Spectral-Temporal Saliency Masks and Modulation Tensorgrams for
Generalizable COVID-19 Detection
Abstract
Speech COVID-19 detection systems have gained popularity as they
represent an easy-to-use and low-cost solution that is well suited for
at-home long-term monitoring of patients with persistent symptoms.
Recently, however, the limited generalization capability of existing
deep neural network based systems to unseen datasets has been raised as
a serious concern, as has their limited interpretability. In this paper,
we propose two innovations to help overcome these issues.
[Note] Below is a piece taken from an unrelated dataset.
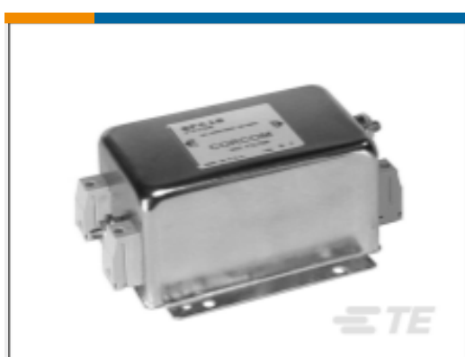
TE Part # CAT-C8114-F299B CORCOM FC SERIES SINGLE PHASE FILTERS

First, we
propose the use of a 3-dimensional modulation frequency tensor (called
modulation tensorgram representation, MTR) as input to a convolutional
recurrent neural network for COVID-19 detection. The representation is
known to provide robustness against different environmental factors seen
across datasets. Next, we propose the use of spectro-temporal saliency
masking to aggregate regions of the MTR related to COVID-19, thus
helping further improve the generalizability and interpretability of the
model. Experiments are conducted on three public datasets and results
show the proposed solution consistently outperforming two benchmark
systems in within-, across-, and unseen-dataset tests. The proposed
method relies on a similar number of parameters to the benchmark, thus a
promising solution for at-home monitoring of COVID-19 infection.